Ingredients
Method
- Put 6 eggs in a pot of cold water and bring to a boil. Boil for 6 minutes and then transfer eggs to a bowl of cold water and set aside.
- Place ground pork, chives and parsley in a bowl.
- Using a mortar and pestle or spice grinder, roughly grind fennel seeds, salt, black pepper, red pepper flakes, cayenne and rosemary, then add to the pork, along with a good grating of nutmeg. Mix it well with your hands and divide into 6 balls.
- Peel the cooked eggs (the older the eggs, the easier they are to peel).
- Prepare a breading station: 1 dish of flour, 1 dish of the 2 remaining eggs, beaten, and 1 dish of the breadcrumbs.
To make the Scotch eggs
- Roll each egg in the flour, shaking off excess. With the palm of your hand, flatten a ball of pork into a thin patty. Place the floured egg in the middle and gently shape the meat evenly around the egg completely covering egg.

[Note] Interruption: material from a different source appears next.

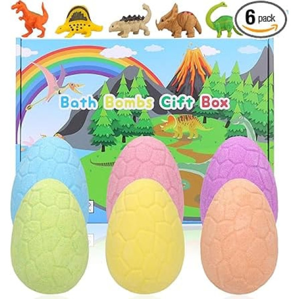 Bath Bombs for Children with Surprise Inside, 6 Pieces Dino Egg Handmade Natural Bath Bombs Dinosaur Toy for Girls Boys Birthday Easter Gift Set

- Roll the meat-wrapped egg in the flour, shaking off excess, then dip it into the beaten egg. Then roll the egg in the bread crumbs to get a good even coating. Repeat with remaining eggs.
- Heat the oil in a deep pan to about 300°.
- Fry the eggs, turning often, to a deep golden brown, about 4 minutes.
- Cool the eggs slightly and then serve with your favorite mustard, some homemade chutney, or a fresh green salad. Enjoy!